==== Data shown

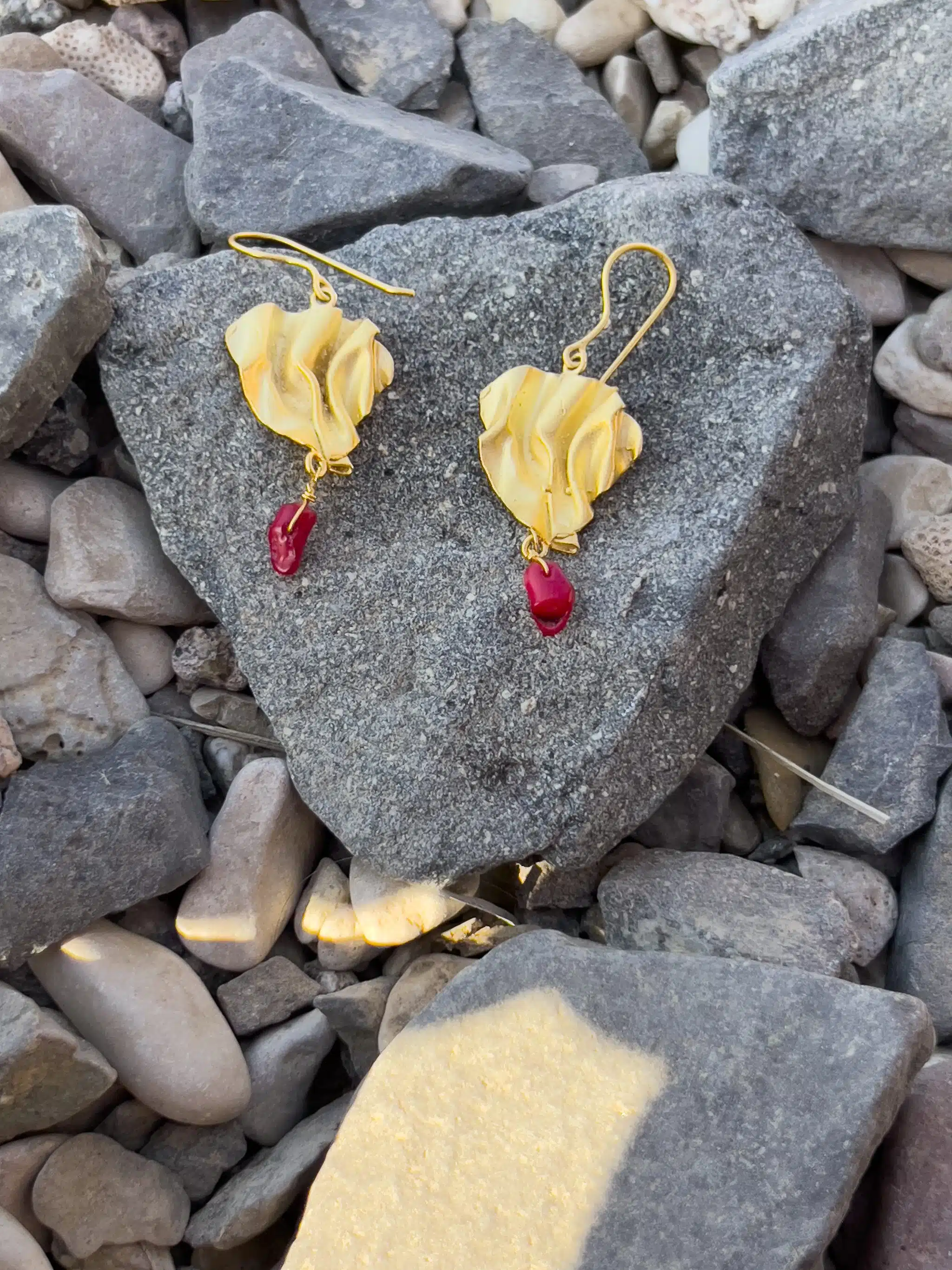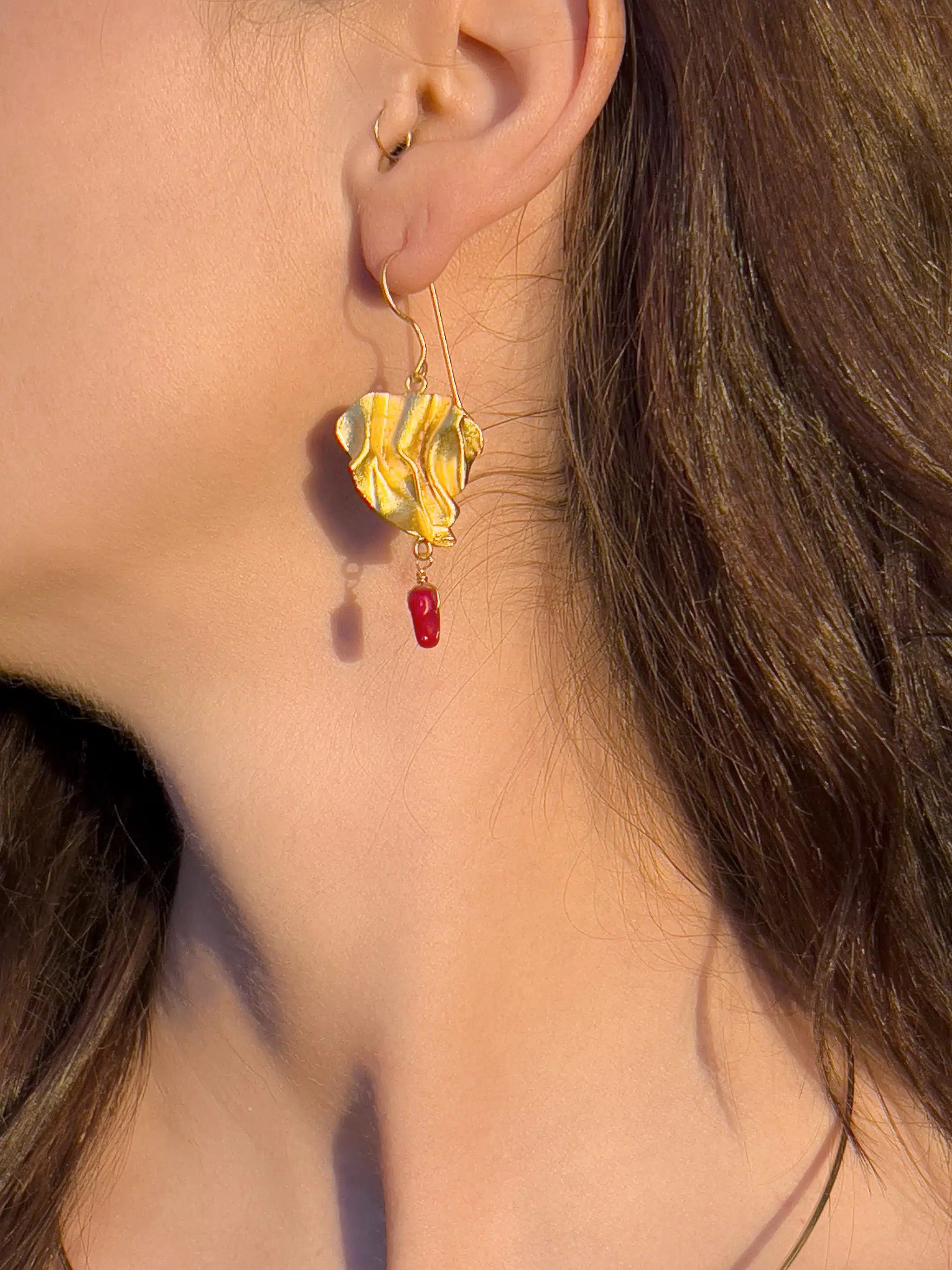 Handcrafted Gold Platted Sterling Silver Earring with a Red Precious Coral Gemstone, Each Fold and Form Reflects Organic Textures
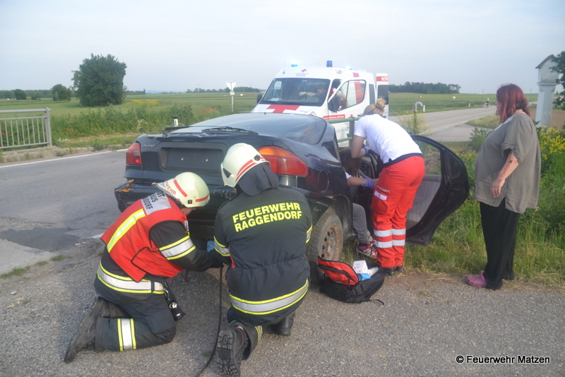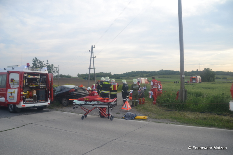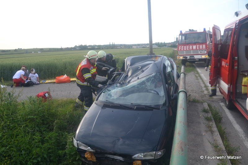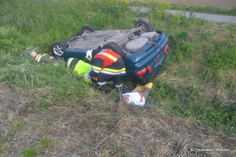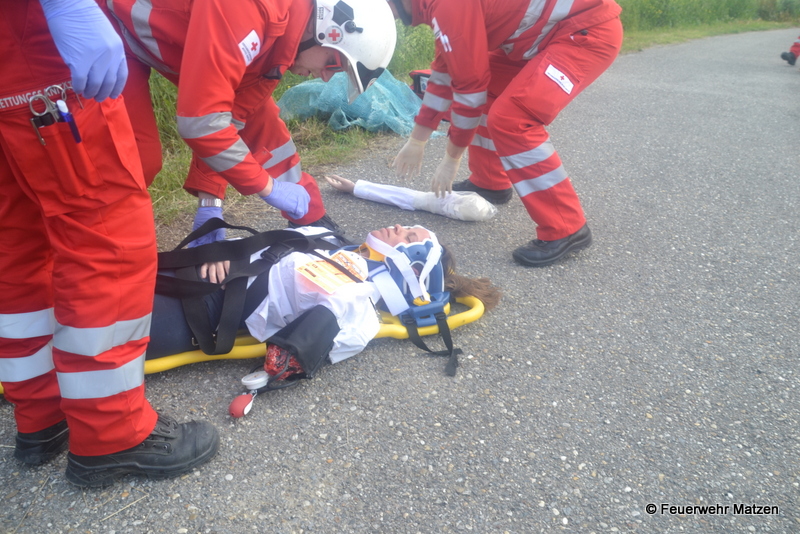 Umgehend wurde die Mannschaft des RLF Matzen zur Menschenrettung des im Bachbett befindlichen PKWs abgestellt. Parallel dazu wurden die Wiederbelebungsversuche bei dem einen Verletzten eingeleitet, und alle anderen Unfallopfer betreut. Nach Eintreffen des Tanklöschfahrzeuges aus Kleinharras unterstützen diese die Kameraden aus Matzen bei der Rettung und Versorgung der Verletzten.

========
==== Data shown

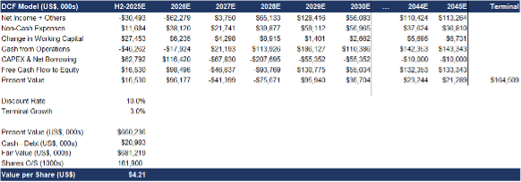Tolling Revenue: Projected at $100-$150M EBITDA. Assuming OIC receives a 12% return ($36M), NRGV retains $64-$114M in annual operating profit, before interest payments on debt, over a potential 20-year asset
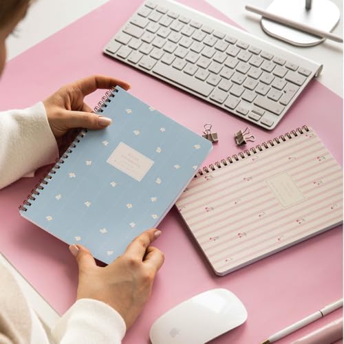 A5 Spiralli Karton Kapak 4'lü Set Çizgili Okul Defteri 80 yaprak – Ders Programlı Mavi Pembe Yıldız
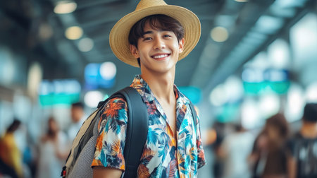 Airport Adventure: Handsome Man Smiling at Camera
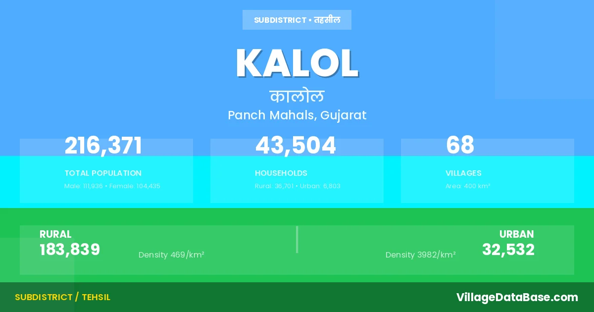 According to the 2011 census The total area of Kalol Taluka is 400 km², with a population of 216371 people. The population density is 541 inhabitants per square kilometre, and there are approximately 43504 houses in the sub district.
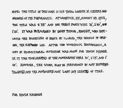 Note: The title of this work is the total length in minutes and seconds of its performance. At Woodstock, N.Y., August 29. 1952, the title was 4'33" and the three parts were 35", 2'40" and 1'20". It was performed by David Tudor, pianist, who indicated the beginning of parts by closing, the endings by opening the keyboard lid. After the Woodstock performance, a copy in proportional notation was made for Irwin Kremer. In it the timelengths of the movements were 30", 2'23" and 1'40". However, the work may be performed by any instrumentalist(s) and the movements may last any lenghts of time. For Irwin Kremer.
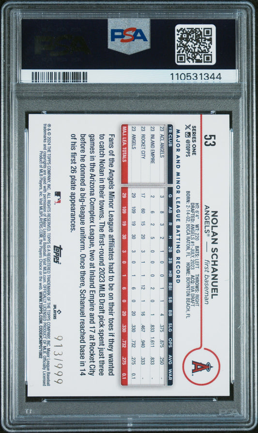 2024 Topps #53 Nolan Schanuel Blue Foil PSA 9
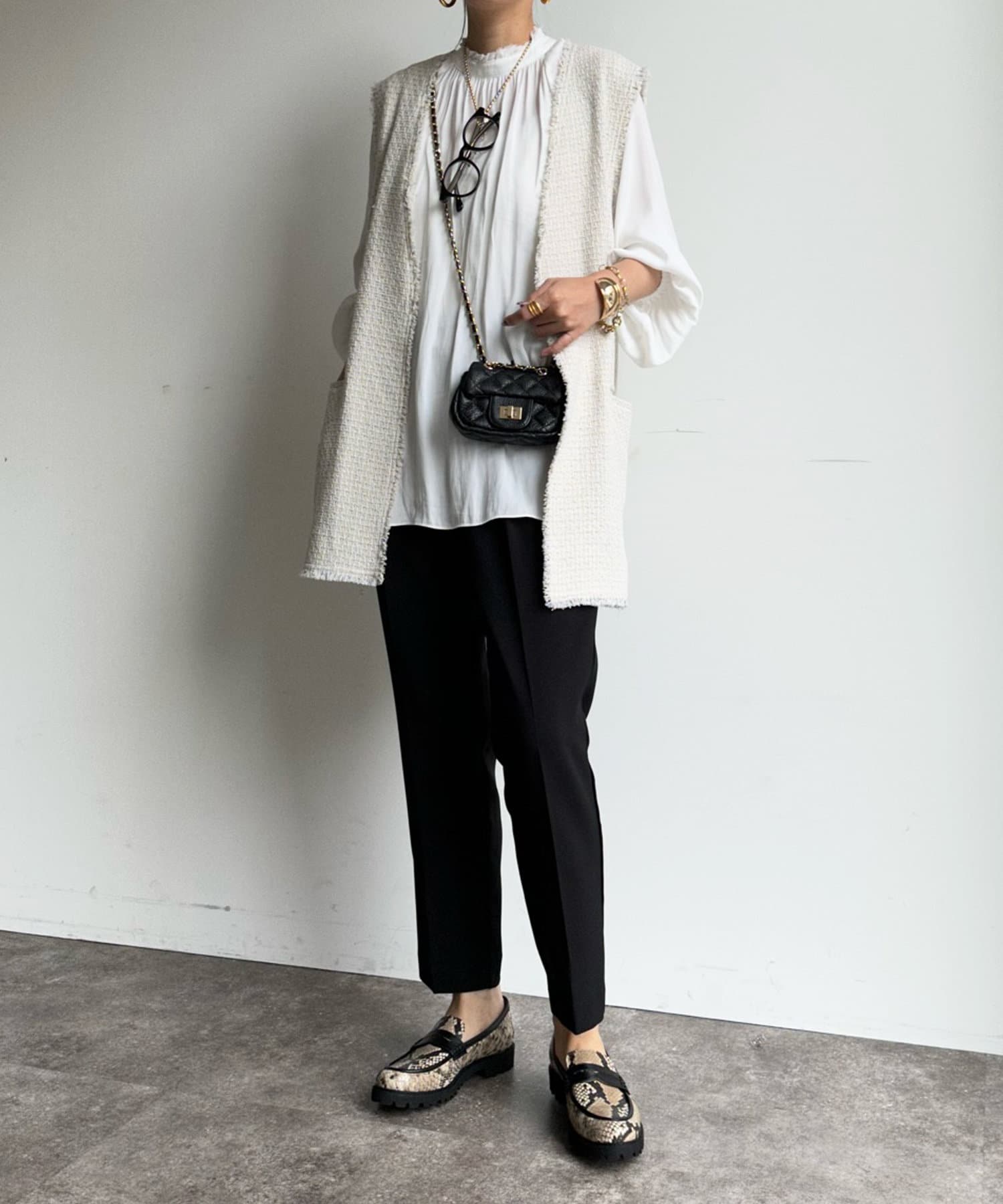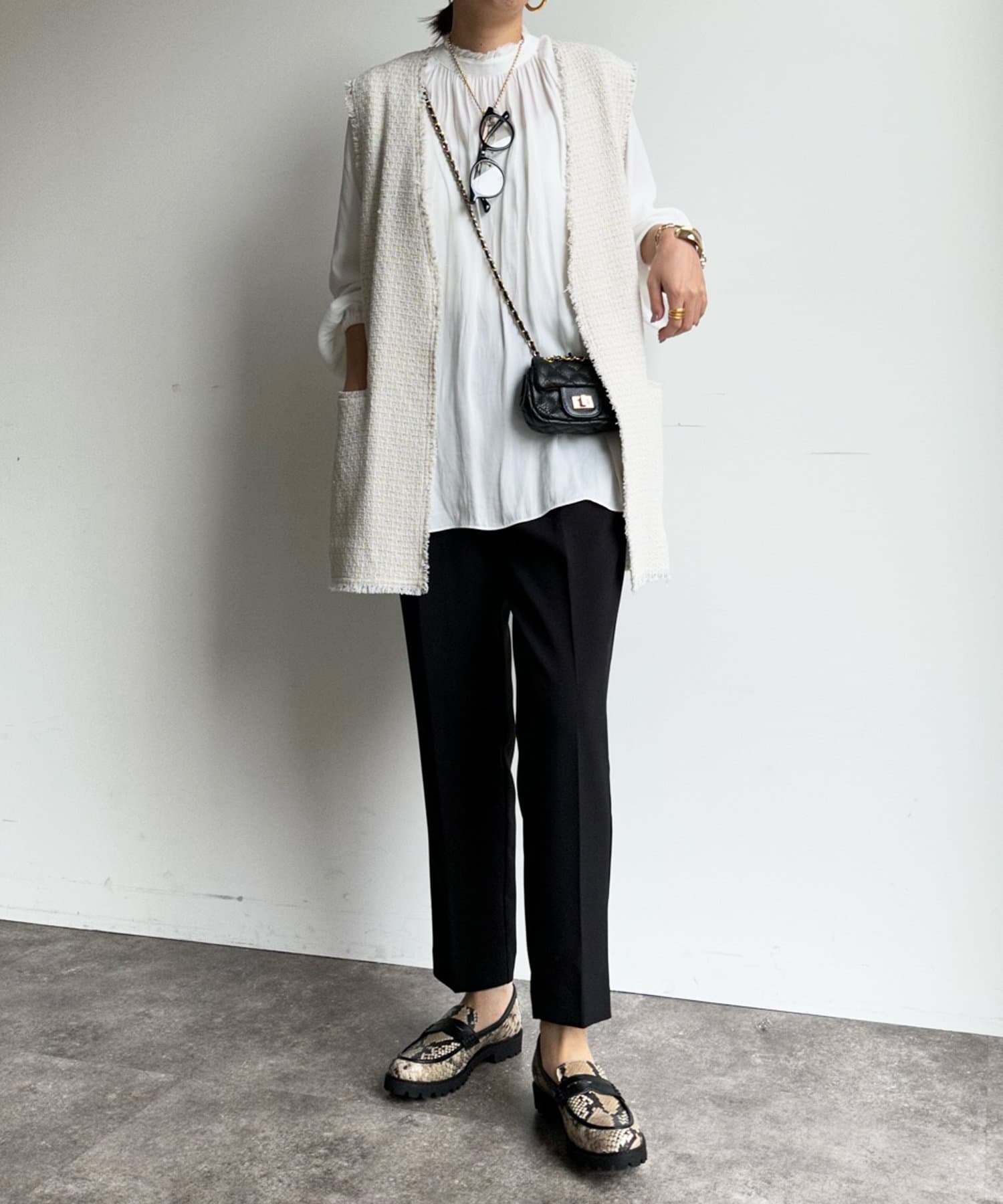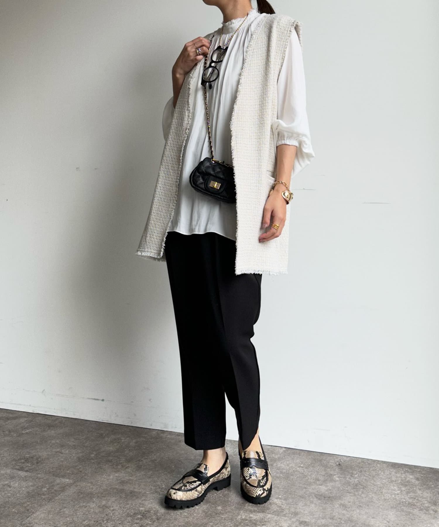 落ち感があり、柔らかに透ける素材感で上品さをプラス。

========
==== Data shown

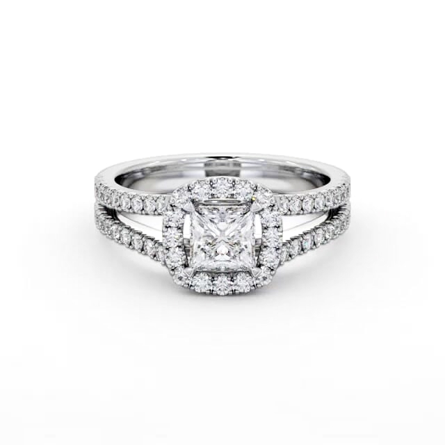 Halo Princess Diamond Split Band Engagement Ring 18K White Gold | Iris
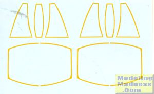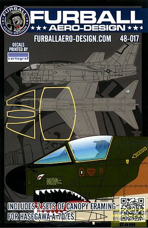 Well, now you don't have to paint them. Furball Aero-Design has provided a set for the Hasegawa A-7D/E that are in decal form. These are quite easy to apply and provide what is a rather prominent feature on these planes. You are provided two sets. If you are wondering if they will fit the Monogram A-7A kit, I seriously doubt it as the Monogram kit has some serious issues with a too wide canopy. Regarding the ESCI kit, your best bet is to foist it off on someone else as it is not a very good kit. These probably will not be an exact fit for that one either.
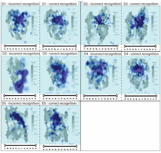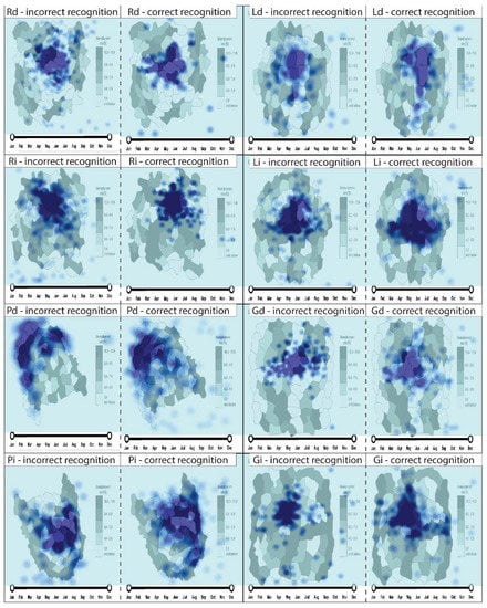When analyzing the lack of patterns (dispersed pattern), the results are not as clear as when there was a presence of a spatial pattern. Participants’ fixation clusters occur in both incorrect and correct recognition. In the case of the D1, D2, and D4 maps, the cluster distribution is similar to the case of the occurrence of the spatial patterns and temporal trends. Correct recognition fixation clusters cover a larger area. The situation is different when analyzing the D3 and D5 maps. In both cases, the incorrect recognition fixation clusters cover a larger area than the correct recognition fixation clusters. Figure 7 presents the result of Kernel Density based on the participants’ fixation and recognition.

========

#### Work to be completed
Within the listing above, find the line containing "Airport Adventure: Handsome" and the line containing "According to the". Transcribe them and everything between them exactly, leaving out the pictures.

#### Answer below
 Airport Adventure: Handsome Man Smiling at Camera
 According to the 2011 census The total area of Kalol Taluka is 400 km², with a population of 216371 people. The population density is 541 inhabitants per square kilometre, and there are approximately 43504 houses in the sub district.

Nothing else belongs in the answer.